= Principal part =

Widely-used term in mathematics

In mathematics, the principal part has several independent meanings but usually refers to the negative-power portion of the Laurent series of a function.

==Laurent series definition==
The principal part at $z=a$ of a function
 $f(z) = \sum_{k=-\infty}^\infty a_k (z-a)^k$
is the portion of the Laurent series consisting of terms with negative degree. That is,
 $\sum_{k=1}^\infty a_{-k} (z-a)^{-k}$
is the principal part of $f$ at $a$.
If the Laurent series has an inner radius of convergence of $0$, then $f(z)$ has an essential singularity at $a$ if and only if the principal part is an infinite sum.

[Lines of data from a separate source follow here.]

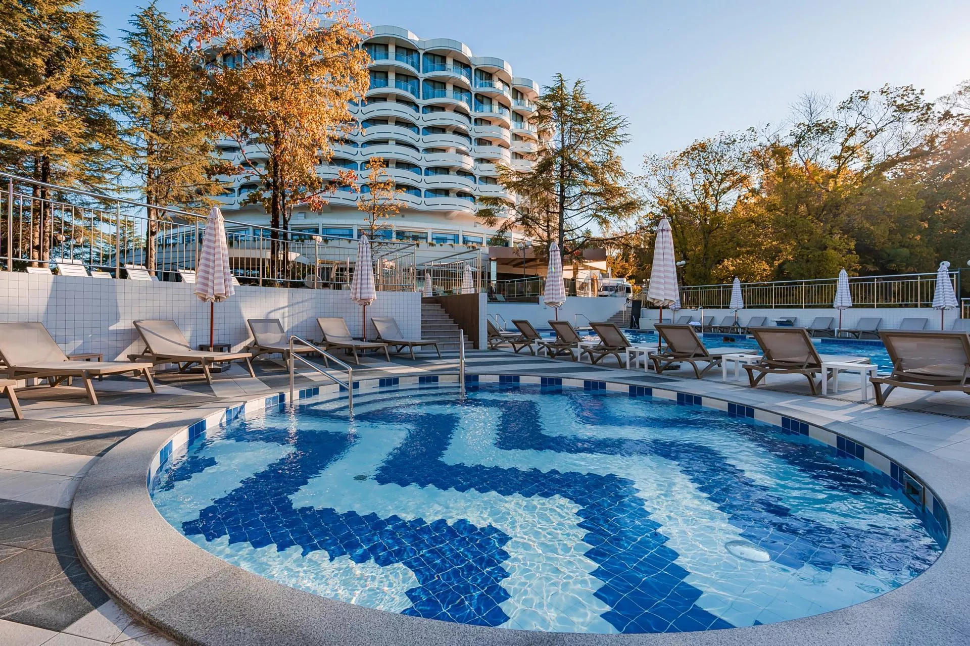 Круглогодичный открытый бассейн Cosmos Stay Le Rond Sochi создан для оздоровительного плавания, отдыха и релаксации на воде.
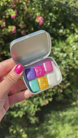 Caja metálica con 6 pastillas de acuarelas Brilli en tamaño quarter pan (1 ml). Tonos seleccionados por mí en base a mis colores favoritos de la marca "Pigmento y moleta", en una cajita personalizada, que toda Girl debería tener!
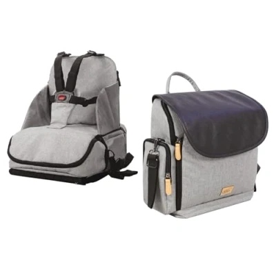 NOMADE - The ideal solution to take everything you need for the baby and sit safely at meals outdoors. Whether with friends, family or travelling, the booster seat allows your child to sit and transport food, snacks and nappies comfortably thanks to its many clever storage options. Universal – The booster seat fits all adult chairs with backrest. Simply attach the booster seat with the adjustable straps under the seat and to the backrest. Compact and robust – when folded, the booster seat can be easily transported in a backpack, as a shoulder strap, in the hand and can be attached to the pram thanks to its special fasteners. The durable and easy sponge clean polyester fabric is water resistant to repel stains and liquids. Dimensions when closed: 31 x 33 x 14 cm. SPACIOUS STORAGE The booster seat features a large spacious inner compartment with pockets under the seat. You can organize all your child's things: changes, eating, snacks and even some toys. 2 side pockets provide space for wet wipes and bottles. Under the booster seat there is a waterproof zip compartment that makes it easy to store wet or dirty clothes. Safe: for a secure fit of the child, the booster seat has a 5-point harness: crotch, stomach and shoulders. Use from 6 months when the child is sitting alone, up to a weight of 15 kg.

If the inner radius of convergence is not $0$, then $f(z)$ may be regular at $a$ despite the Laurent series having an infinite principal part.

==Other definitions==

===Calculus===
Consider the difference between the function differential and the actual increment:
$\frac{\Delta y}{\Delta x}=f'(x)+\varepsilon$
$\Delta y=f'(x)\Delta x +\varepsilon \Delta x = dy+\varepsilon \Delta x$
The differential dy is sometimes called the principal (linear) part of the function increment Δy.

===Distribution theory===
The term principal part is also used for certain kinds of distributions having a singular support at a single point.